Меркер засмеялся, и они все трое стали беседовать, сначала немного неловко, как бывает всегда при вынужденном разговоре, а затем совершенно свободно. Вотье, принимая изредка участие в разговоре, наблюдал за обоими собеседниками. Меркер, по своей привычке, был резким, порывистым не только в тоне, но и в том, что он высказывал. Бержан, у которого были другие взгляды, мало-помалу оживился, и его почтительная сдержанность, которую он выказывал вначале, совсем исчезла. Он горячо возражал Меркеру.
— На этом мы и остановимся, если хотите, — сказал Вотье. — Пора уходить, господин Бержан, я должен вам сделать серьезное замечание: наблюдайте за собой. Вы остроумны, и вы это высказываете, вы легко можете поддаться желанию блистать в обществе. Вы решительны и остроумны, у вас встречаются забавные остроты. Тщательно избегайте этого.
Наступило короткое молчание. Бержан слегка улыбался и казался смущенным. Меркер изумился и недоброжелательно посмотрел на Вотье.
— Дорогой мой, — сказал он наконец, стараясь говорить равнодушным тоном, — неужели у меня так мало остроумия?
Вотье посмотрел ему прямо в лицо:
— Я не говорю, что у тебя нет остроумия, но у тебя нет такого рода остроумия, или же ты не показываешь его. Нет, старик, напрасно ты принимаешь оскорбленный вид, я все равно не доставлю тебе удовольствия тем, чтобы по-идиотски льстить тебе. Ты говоришь то, что хочешь сказать, всегда ясно, а когда нужно, то и красноречиво, у тебя есть сила, горечь, ирония, но ты совсем не то, что называется блестящий собеседник. Ты это так же хорошо знаешь, как и я, и ты сам тысячу раз говорил, что, по-твоему, блестящий собеседник — худший из болтунов. Это мнение очень неприятно для господина Бержана, у которого есть все свойства блестящего собеседника, и если бы он дал себе волю, то создал бы тебе репутацию остроумного человека, совсем не совпадающую с общим мнением о тебе. Вот и все! Пожалуйста, вы оба не обижайтесь на меня. Господин Бержан должен смягчить свои неровности и свою внешность, а сейчас отправимся домой, потому что уже поздно… Экипаж ждет меня, я завезу тебя, Меркер.
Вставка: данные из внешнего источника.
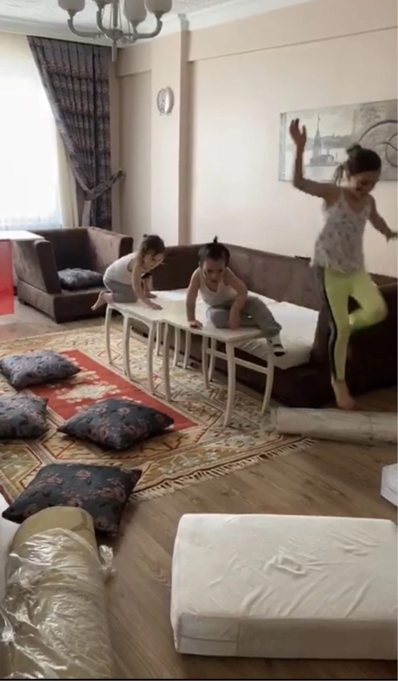 Ramazan Bayramı’nın ikinci gününde sokağa çıkma yasağı bulunan 3 çocuk, babalarının salonda sandalye, minder ve koltuklarla hazırladığı parkurda doyasıya eğlendi. Çocukların “survivor” tadındaki eğlencesi kameralara yansıdı.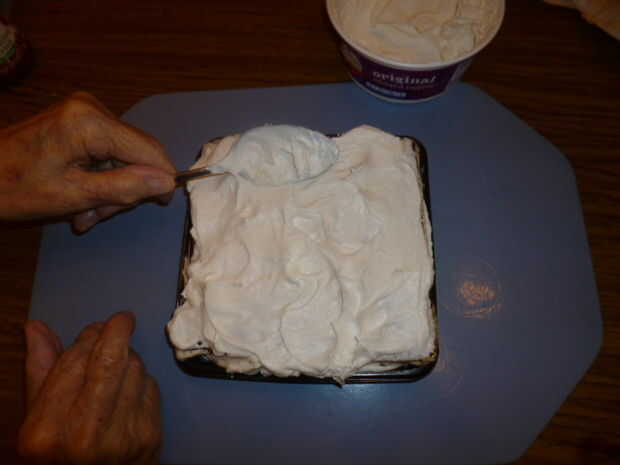 Luego, coloque una segunda capa de sándwiches de helado (sin envolver) encima de la batida. Repita por difundir una segunda capa de cubierta batida.

Они простились с Бержаном, надели пальто и вышли. Падал легкий снег. Они задрожали от резкого холода, быстро сели в ожидавший их экипаж и поехали вдоль темной набережной.
— Ну что? — спросил Меркер.
— Будь спокоен, дело пойдет!
— И ты не веришь больше в возможность какой-нибудь оплошности, которая все выдаст, не веришь в предательство?
— Оплошность? Он на это не способен, он слишком хитер для этого. Он не способен и на предательство. Я в этом уверен. Тогда, вечером, когда мы были с ним вдвоем, он мне передал бумагу. Это было письменное признание в том, что он обокрал меня. ‘Таким образом, — сказал он, — у вас не будет никакого сомнения в моей искренности. Этим ложным признанием я отдаюсь в ваши руки. Я знаю, что господин Меркер доверяет мне, но вы, как друг, более подозрительны, чем он сам, заинтересованный в этом. Теперь у вас есть орудие против меня, и, благодаря ему, вы должны вполне доверять мне’.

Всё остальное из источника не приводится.